In yet still another embodiment of the various methods, kits, or uses provided herein, the lenvatinib or a pharmaceutically acceptable salt thereof is lenvatinib mesylate. Suitable pharmaceutically acceptable excipients are disclosed in EP2468281 and the prescribing information for LENVIMA®. Capsules for oral administration contain 4 mg or 10 mg of lenvatinib, equivalent to 4.90 mg or 12.25 mg of lenvatinib mesylate, respectively. In another embodiment, when a pharmaceutically acceptable salt of lenvatinib is administered, such as lenvatinib mesylate, and the dose of lenvatinib to be used is 4 mg, a medical practitioner would know to administer 4.90 mg of lenvatinib mesylate. In another embodiment, when a pharmaceutically acceptable salt of lenvatinib is administered, such as lenvatinib mesylate, and the dose of lenvatinib to be used is 10 mg, a medical practitioner would know to administer 12.25 mg of lenvatinib mesylate.
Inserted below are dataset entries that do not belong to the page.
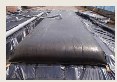
Dewatering of oil sludge

Through continuous or event driven pond maintenance dewatering programs to insure sufficient capacity, TenCate Geotube<sup>®</sup> dewatering and containment technology provides a simple, low cost solution. Easy to set up, even in remote locations, TenCate Geotube<sup>®</sup> dewatering technology can quickly be deployed to reduce lagoon levels or be used to contain the full volume of dewatered waste material for a complete cleanout.
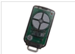
Standard 4 Button
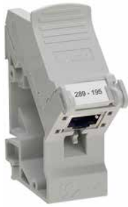
Interface Module; RJ-45; IDC; Cat. 6; with mounting carrier; with shield connection
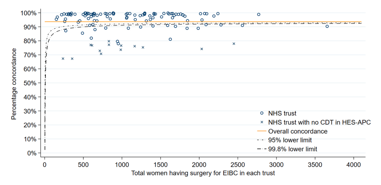
Fig. 2. Funnel plot showing the percentage concordance between SACT and HES-APC, among women receiving surgery for early invasive breast cancer, by diagnosing NHS trust. Key: CDT = Cancer Drug Therapy; SACT = Systemic Anti-Cancer Therapy data; HES-APC = Hospital Episodes Statistics Admitted Patient Care data.

Standard methods in molecular biology are described Sambrook, Fritsch and Maniatis (1982 & 1989 2nd Edition, 2001 3rd Edition) Molecular Cloning, A Laboratory Manual, Cold Spring Harbor Laboratory Press, Cold Spring Harbor, NY; Sambrook and Russell (2001) Molecular Cloning, 3rd ed., Cold Spring Harbor Laboratory Press, Cold Spring Harbor, NY; Wu (1993) Recombinant DNA, Vol. 217, Academic Press, San Diego, CA). Standard methods also appear in Ausbel, et al. (2001) Current Protocols in Molecular Biology. Vols. 1-4, John Wiley and Sons, Inc. New York, NY, which describes cloning in bacterial cells and DNA mutagenesis (Vol. 1), cloning in mammalian cells and yeast (Vol. 2), glycoconjugates and protein expression (Vol. 3), and bioinformatics (Vol. 4).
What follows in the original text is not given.